Where the nippies used to work.
The residents in the homes I worked in spoke fondly of being nippies. 
My mother moved miles from home to be a Nanny and made friends with another young woman in the village.
The young woman's brother came home on leave from the Royal Navy and saw my mother in church. He sent a message via his sister to my mother to say he thought she looked very pretty, very nice. My mother sent a message back "Tell your brother not to be so cheeky!".
However, they got to know one another, got engaged but had to wait a long while to get married because my father was sent out to China and the Far East on his ship for nearly three years.
They got married when he came home again and were married for nearly 55 years.

Lovely.
A lady I knew worked in a pickling factory when young.
They had to put in, at the top of each jar, four pickled onions around a cauliflower floret.
Her beau was the boy who loaded the jars into the lorry.
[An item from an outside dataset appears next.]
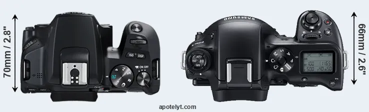 | 1. | Canon 250D | 122 mm | 93 mm | 70 mm | 449 g | 1070 | n | Apr 2019 | US$ 599 | amazon.com | |

My mum came from a very large poor family ‘up North’. She escaped ‘down South’ and stayed with her sister. She got a job as a waitress at the factory where dad was an engineering apprentice. He was from a well-off family with a large detached house and an orchard. They married a year or so later. His family didn’t really approve and only two of mum’s sisters and her mother came to the wedding. I was born 9 months later. I think mum was enraptured by dad but sadly he started an affair when I was 11. It continued until he died at the age of 48 when I was 25. Mum remarried less than two years later to a man 12 years younger (only 10 years older than me) and they were together until she died in 1998.
Ahh, do you think the second "go" was a more equal love match?
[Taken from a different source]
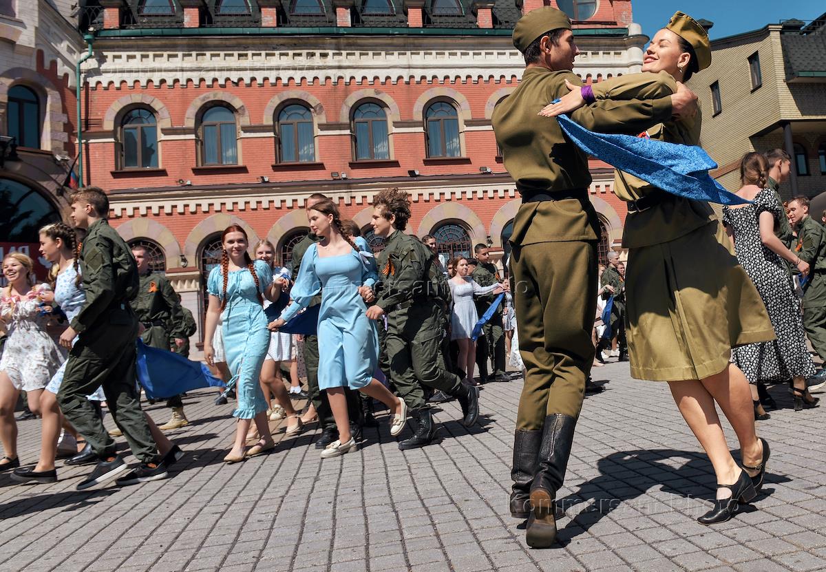 Акция "Вальс Победы" на железнодорожном вокзале в Дебальцево. Участники акции.

My mum and dad both worked at the same place. They married in 1940 and I have lovely wedding photos of them. She always used to say, so proudly, that she got married in a powder blue suit. And very smart it looks!
I've an idea my mum's dress was hired, I know my dad's milk sodden suit was.
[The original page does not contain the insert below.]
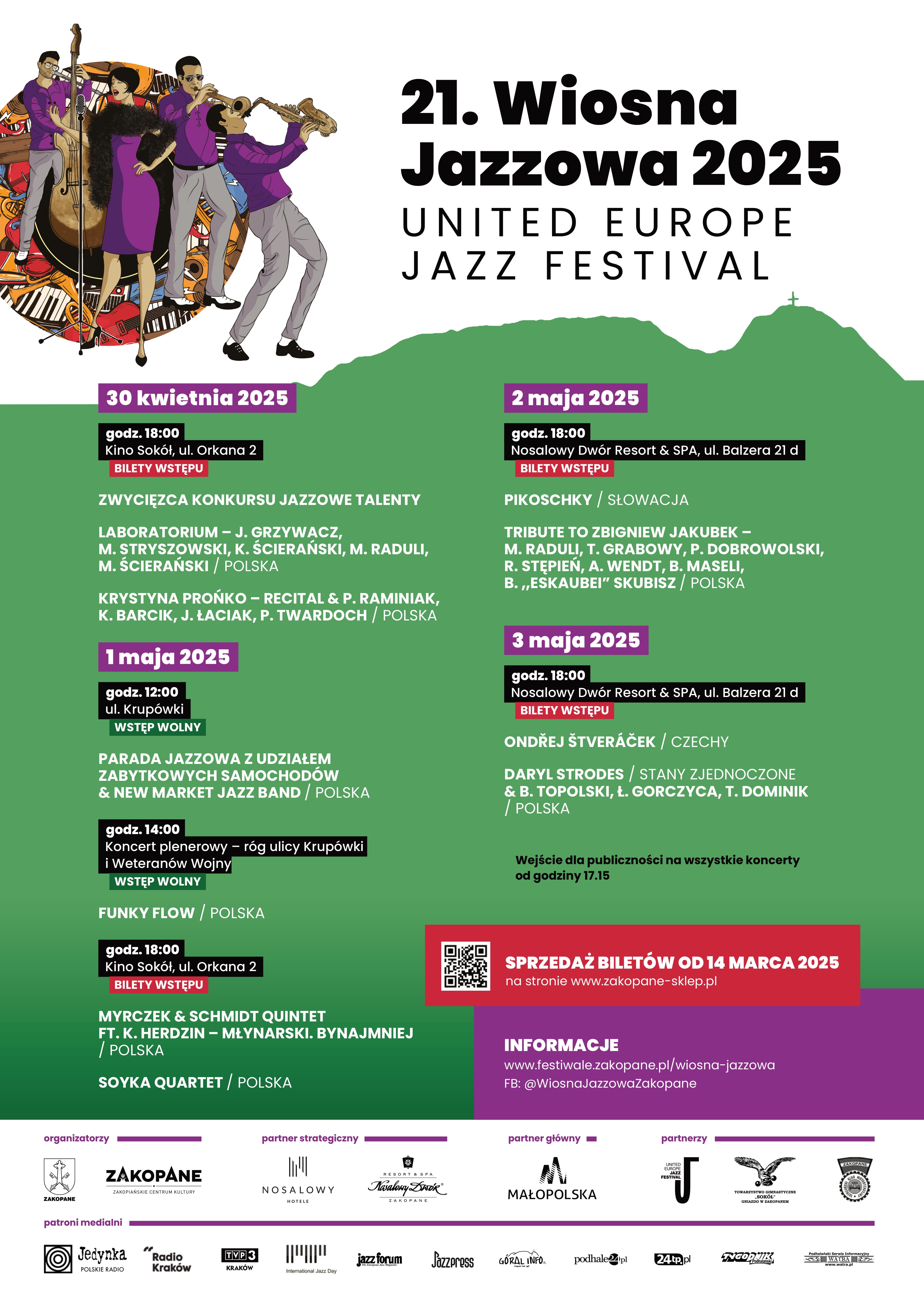 Warto dodać, że partnerem Wiosny Jazzowej – już po raz kolejny – jest Program 1 Polskiego Radia. Popularna Jedynka nadawać będzie wprost ze swojego studia festiwalowego, będą relacje, ale i całe audycje wprost z Zakopanego. Wspaniali goście i wyborna muzyka, przez wszystkie dni festiwalu Jedynka będzie obecna i w mieście i na antenie, a wszystko przekazywać będą muzyczni dziennikarze Programu 1: Paweł Sztompke i Marcin Kusy.

Mum & Dad met at the dancing aged 16/18 in the 60s,dad proposed a month later, as he said they weren’t getting any younger 😂 anyway they married when mum turned 18. Just had their 60th wedding anniversary. 😊
😄 not getting any younger.
How times change!
My dad was in the RAF and met my mum during the war when he was on leave in S Africa from Rhodesia that was. He was stationed there to repair planes from N Africa. He discovered when he applied to the RAF that his eyesight was too poor to fly ! Thank goodness for I doubt he would have survived. My mum was a nurse in S Africa and she came to the UK after the war ( I think to continue the romance with my dad ) They married in 1949 and were together for 57 years . They had a good marriage.
My parents met at work and they got married in 1945. My mother was 25 and my father was 30. My maternal grandmother, made my mother's wedding dress which was knee length, pale blue velvet with a matching hat. All the family pooled their coupons. My great aunt, who was a professional baker made their cake.
My mother kept her wedding outfit and a box of decorations from the wedding cake.
They were married for 48 years. My mother died suddenly in 1993 at the age of 72.